So you replace the hard to read CAPTCHAs with easy to read ads. Of which presuma...

mseebach · on Sept 20, 2010

A longtime standing solution to hard-to-read captchas are easy to read (but hard to process) captchas. E.g. show a picture of an animal or a shape and ask what it is, or even just ask a simple math problem or riddle in writing.

Problem with those are that they need to be constantly updated from a reliable source, or else, once the solution becomes popular, the spammer can bruteforce it in linear time (no matter how high N is, there are only N possible patterns).

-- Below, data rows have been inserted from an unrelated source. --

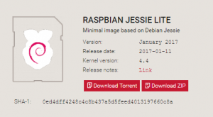 The version at the time of this writing is Jesse. For this setup we will use the LITE version of Jesse as we do not need a Desktop GUI. This will help to save space on the SD Card among other things.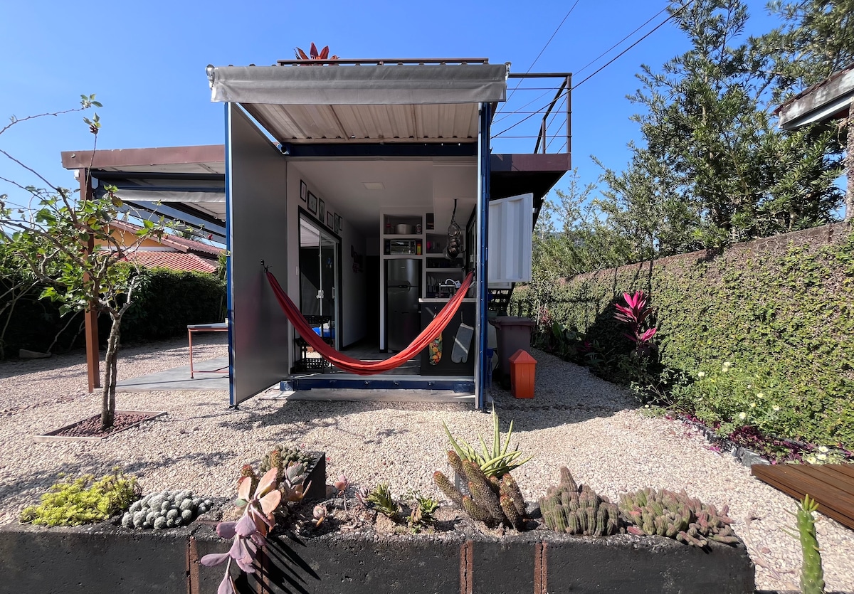 Suíte container confortável com acomodação para 5 pessoas. Área comum rústica para lazer e cozinhar refeições, com fogão, geladeira, freezer, mesas, sofás e sillas, utensílios. Fica próximo a praias, trilhas, cachoeiras, restaurantes, centro de saúde e outros centros urbanos. Para grupos de mais de 5 pessoas podem alugar em conjunto com airbnb.com/h/harmoniajkl-suitescontainer. Container room with kitchen outdoor. Near beachs, falls,tracks nad great landscape. Bird´s watching and sea animals.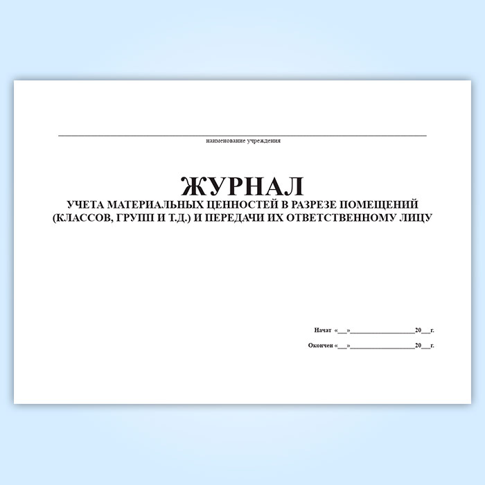 Журнал учета материальных ценностей в разрезе помещений (классов, групп и т.д.) и передачи их ответственному лицу в Альметьевске купить
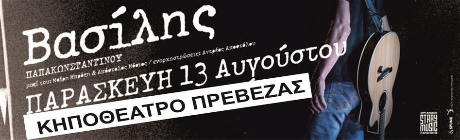 Επιτέλους ξανά μαζί! Μετά από ένα πολύ δύσκολο και μοναχικό χειμώνα, συναντιόμαστε όλοι μαζί στη συναυλία του Βασίλη την Παρασκευή 13 Αυγούστου στο Δημοτικό Κηποθέατρο Πρέβεζας.

This seems to be an attempt at fixing this. Ads are often relatively short lived so by the time the spammer has them bruteforced, it might be out of circulation - and more importantly, there are new ads in. It's an armsrace, and this is a way to pay our troops. Also, it's trivial for advertisers to make many different variations (e.g. one for each sales bulletpoint), so there are many variations in circulation. Since there's often more textual content than the password in the ad, they're not prone to simple OCR, while still easy to comprehend for the user.

Obvious shortcomings are if ads are not so shortlived, and if it's easy to identify and break classes of ads (e.g. if it's yellow and has the IE logo in position X, OCR area Y, done). Also, it's a bit of a dealbreaker if I'm forced to open and visit a website to get the password.

shalmanese · on Sept 20, 2010

This was the process used by the Microsoft Research project ASSIRA (http://research.microsoft.com/en-us/um/redmond/projects/asir...) which used images of kittens and puppies put up for adoption as a constant fresh source of input data.

This was later, awesomely riffed on by HotCaptcha (http://valleywag.gawker.com/246656/a-face-only-a-bot-could-l...) which pulled HotOrNot data and asked you to select the 3 hot women out of 9. Sadly, the site is down now but I remember trying it and it was remarkably useful and a hell of a lot more fun than word captchas.

pedalpete · on Sept 20, 2010

Your argument is somewhat flawed from a technical level as Olegk mentioned, but also from a business marketing stand-point.

Specific ads may be in circulation for a short time, or there may be many running concurrently, but it is the message that the advertiser is trying to get across, the tagline, and it would be of most benefit to the advertiser to get the user to associate their brand with a single concept. Using the example in the article, Subaru may want to be associated with "outback", not "four wheel drive" or "comfy" or "sporty". Businesses who try to target too many things or too wide an audience end up not getting their message across.

I'm not saying that what Solve Media is trying to do isn't a great idea. I think it has lots of potential, but they clearly still have more to work on.

olegk · on Sept 20, 2010

You have no idea what you're talking about.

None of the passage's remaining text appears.